I get what he meant. Really, I do.

But the thing that popped into my head was we made one kid with an extra eighteenth chromosome, another with brittle asthma, and you're seriously sad about this one having 20/80 vision?

Somehow, it didn't seem appropriate to share at that moment. So I just changed the subject.

Tuesday, January 6, 2009

2009 Resolutions

Oh, what the hell. Maybe I'll have better follow through if I put these out there:


1) Go for a walk every single day for the first 100 days of the year. This probably sounds totally lame to anyone who spins, swims, or runs on a regular basis. But I tend to lie around like veal in the winter months. Walking for the first 100 days of the year will probably net me many extra hours of exercise compared to normal. And then when I have my annual oh-my-God-it's-almost-swimsuit-season panic attack in April or May, I'll be in better shape to start exercising more strenuously at that point.

2) Organize my bedroom closet. They say a bedroom closet is a metaphor for what's going on in the rest of a person's life. That's so true for me -- mine has been a den of chaos since I became a mother. It seems like I never have anything to wear, yet the rack is so full I can't wedge another hanger in there.

Time to ruthlessly prune my wardrobe of everything I don't wear anymore. Even if I do manage to get back down to my prekid weight, those prekid work outfits I've been saving for years? Out of style. Likewise, I have tons of too-big clothing from early postpartum days. All of it needs to go.
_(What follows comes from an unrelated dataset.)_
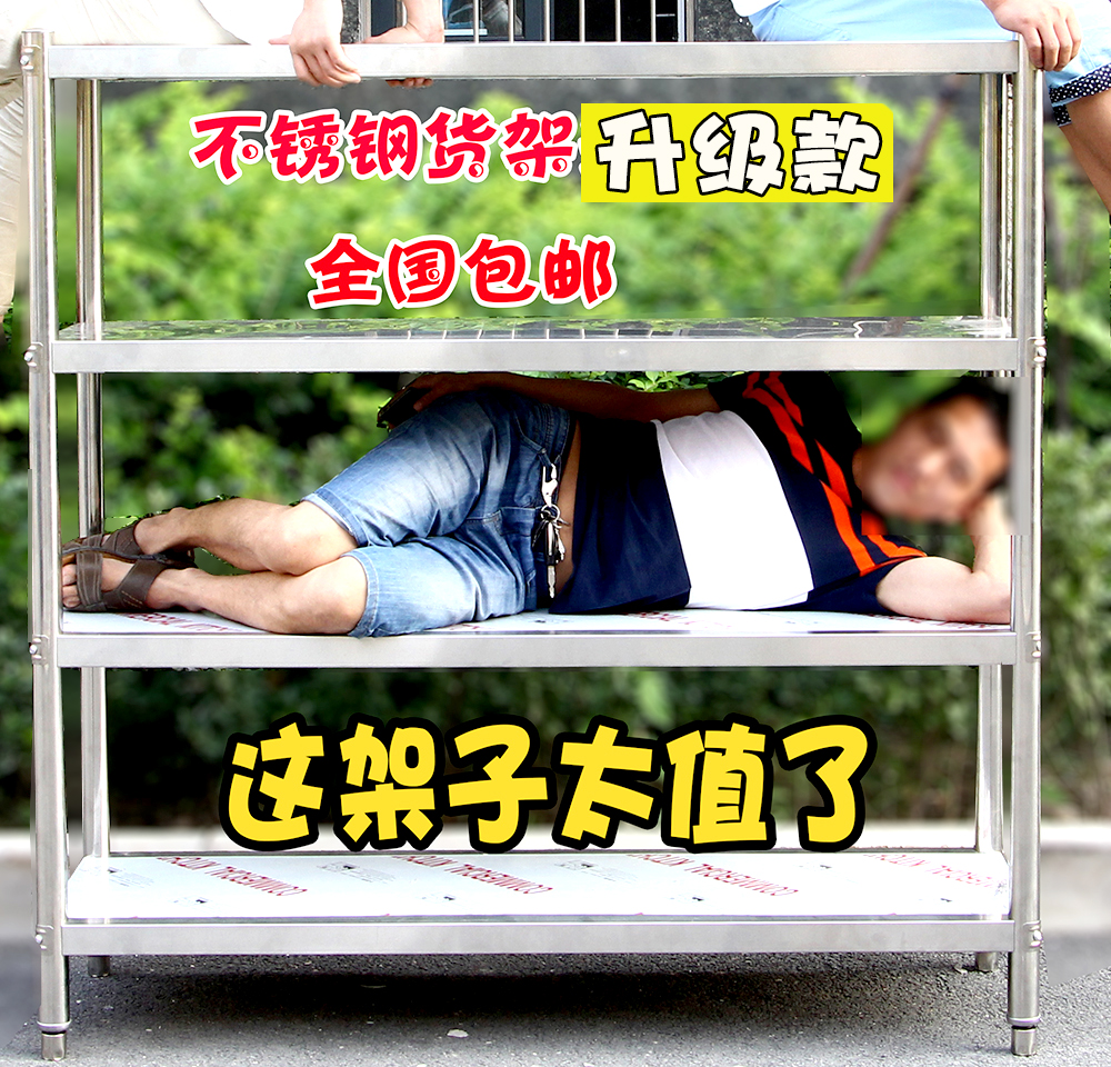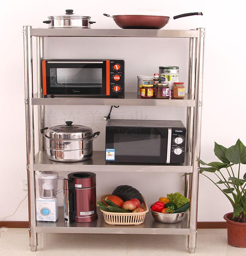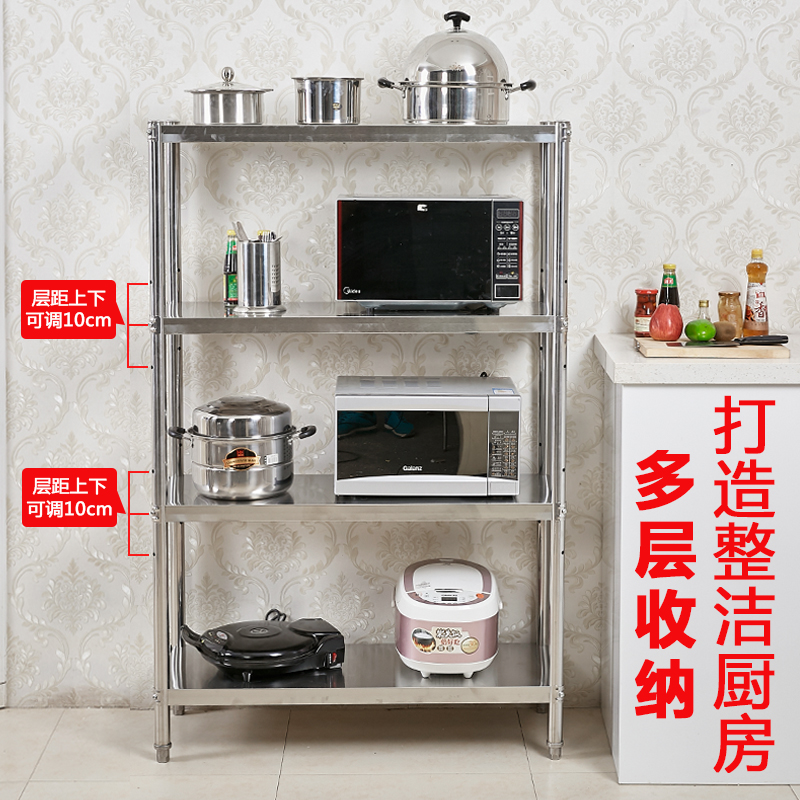 厨房不锈钢货架置物架加厚4层锅架微波炉架阳台储物架收纳杂物架

3) Go to the dentist. It hit me the other day that I haven't had my teeth cleaned since my pregnancy woes began in 2005. I don't think this is a coincidence -- after my nearly two decades ago, I also stopped going to the dentist for a long time. I think there is something about the dentist experience that tweaks my sense of being vulnerable. Getting teeth cleaned makes me feel ... invaded. But, time to suck it up. I'm way overdue for a checkup.

4) Renew (or, depending on age/passport status) or apply for brand-new passports for everyone in the family. Currently it seems unlikely we'll have the extra money to go on any foreign adventures this year. But not having valid passports for everyone just ensures that we stay home. At least having the valid travel documents leaves the possibilities open for us. (You know, in case I inherit megabucks from some long-lost relative ...)

Wishing much resolve to others in the resolution boat!